Ayrıca duyguyu bilişsel bir olay olarak değerlendirmişlerdir. Tüm fiziksel tepkilerin farklı duygular için aynı olduğunu varsaydılar ve bu nedenle, fizyolojik sinyallere dayanarak (yalnızca) duyguları ayırt edemediğimizi diğerleri.
- İlginizi çekebilir: "8 tür duygu (sınıflandırma ve açıklama)"
Emsaller: James-Lange çevresel teori
Cannon-Bard teorisinden önce James-Lange teorisi hakimdi. Bu, James-Lange'ın periferik teorisidir. Buna göre, bedensel değişikliklerin algılanması duygusal deneyimi oluşturur (Yani bir önceki örnekten yola çıkarak "ağladığımız için üzülmek" olur.
James-Lange'a göre sıralama şu şekilde olacaktır: Bir uyaran (örneğin üzgün bir yüz) gözlemleriz, bu bilgi kortekse gönderilir, ardından visseral ve motor fizyolojik tepkiler ortaya çıkar (ağlarız). Daha sonra korteks ağlama hissini algılar ve hissi (bu durumda üzüntü) üretir.
Cannon-Bard deneyleri
Cannon ve Bard deneyleri sonucunda şunu belirlediler: uyaranlar tarafından uyandırılan duygunun algılanması iki olgudan kaynaklanır.: duygu ve genel fizyolojik değişikliklerin bilinçli deneyimi. Bütün bunlar, talamusun impulslarını serebral kortekse ve hipotalamusa göndermesinden kaynaklanır.
duyguların etkileri
Öte yandan Cannon-Bard teorisi, bilinçli duygusal deneyimlerin, fizyolojik tepkilerin ve davranışların nispeten bağımsız olaylar olduğunu belirtir.
Dolayısıyla yazarlara göre duygusal uyaranların birbirinden bağımsız iki uyarıcı etkisi vardır: Bir yandan beyinde duygu hissine neden olurlar, diğer yandan otonom ve somatik sinir sistemlerinde duygu ifadesi.
Cannon ve Bard'ın James-Lange'e yönelik eleştirileri
Cannon-Bard teorisi, James-Lange teorisine yönelik bir dizi eleştiride bulunur. Bunlar aşağıdaki gibidir:
1. Duyguları algılamak için bedensel değişiklikler gerekli değildir.
Ayrıca Cannon ve Bard, afferent yolları kesmek, duygusal tepkilerde değişiklik üretmez.
2. Duyguların belirli kalıpları yoktur.
Cannon ve Bard'a göre, gerçekte olan şey, belirli bedensel değişikliklerin farklı duygular için benzer olmasıdır.
3. Bazen bedensel duyumlar duygudan sonra ortaya çıkar.
Yani, daha yavaş olan bedensel duyumlar genellikle duyguyu deneyimledikten sonra ortaya çıkar (ki bu hemen olabilir).

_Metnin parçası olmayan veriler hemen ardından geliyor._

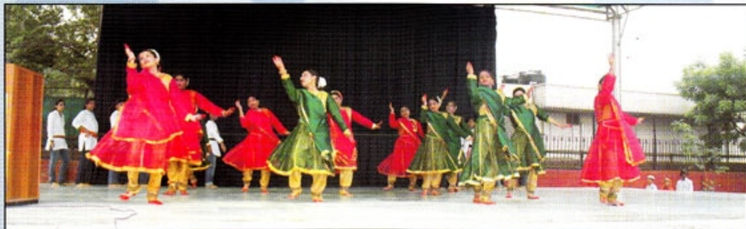
Kathak dance recital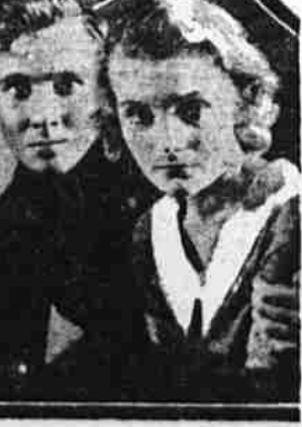
Walter Huston, Helen Chandler and Kent Douglass appear at the Ritz Thursday only in "A House Divided."

4. Organizmanın gönüllü aktivasyonu
Organizma ne zaman gönüllü olarak etkinleştirilir, gerçek bir duygu ortaya çıkmaz.
5. Yaygın ve genel aktivasyon
Cannon-Bard teorisi, dağınık ve genel bir özerk aktivasyon önerir (bu nedenle, talamusta bir substrat ile merkezi bir teoridir); Öte yandan periferik olan James-Lange teorisi, her duygusal durumun belirli fizyolojik değişikliklere neden olduğunu savunur.
Bibliyografik referanslar:
- Aguado, L. (2005). Duygu, sevgi ve motivasyon. Çatlak. 1: Duygu çalışmasına giriş (17-48). İttifak: Madrid.
- Díaz, A. (2010). Duygu teorileri. Yenilik ve eğitim deneyimleri, 29.
- Fernandez, EG; Garcia, B.; Jimenez, Milletvekili; Martin, M.D. ve Dominguez, F.J. (2010). Duygu psikolojisi. Ramón Areces Üniversitesi Editörü: Madrid.
- Psikoloji Notları, HQ. (2013). Cannon-Bard Duygu Teorisi. Psikoloji Öğrencileri için Çevrimiçi Kaynaklar.